# CMU Randomized Algorithms

Randomized Algorithms, Carnegie Mellon: Spring 2011

## Lecture #15: Distance-preserving trees (part I)

1. Metric Spaces

A metric space is a set ${V}$ of points, with a distance function ${d: V \times V \rightarrow {\mathbb R}_{\geq 0}}$ that satisfies ${d(x,x) = 0}$ for all ${x \in V}$, symmetry (i.e., ${d(x,y) = d(y,x)}$), and the triangle inequality (i.e., ${d(x,y) + d(y,z) \geq d(x,z)}$ for all ${x,y,z \in V}$). Most of the computer science applications deal with finite metrics, and then ${n}$ denotes the number of points ${|V|}$.

There are many popular problems which are defined on metric spaces:

• The Traveling Salesman Problem (TSP): the input is a metric space, and the goal is to find a tour ${v_1, v_2, \ldots, v_n, v_{n+1} = v_0}$ on all the ${n}$ nodes whose total length ${\sum_{i = 1}^n d(v_i, v_{i+1})}$ is as small as possible. This problem is sometimes defined on non-metrics as well, but most of the time we consider the metric version.
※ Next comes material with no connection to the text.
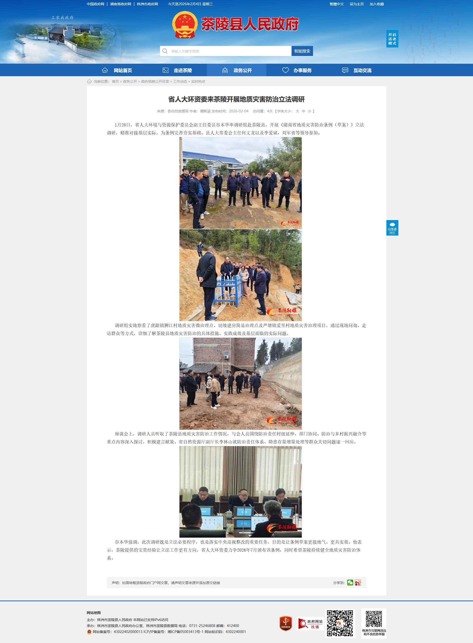 谷本华强调,此次调研既是立法必要程序,也是落实中央巡视整改的重要任务,目的是让条例草案更接地气、更具实效。他表示,茶陵提供的宝贵经验让立法工作更有方向,省人大环资委力争2026年7月颁布该条例,同时希望茶陵持续健全地质灾害防治体系。

The best approximation algorithm for the problem is a ${(3/2 - \epsilon)}$-approximation due to Oveis-Gharan, Saberi and Singh (2010). Their paper uses randomization to beat the ${3/2}$-approximation of Cristofides (1976), and make progress on this long-standing open problem. The best hardness result for this problem is something like ${1.005}$ due to Papadimitriou and Vempala.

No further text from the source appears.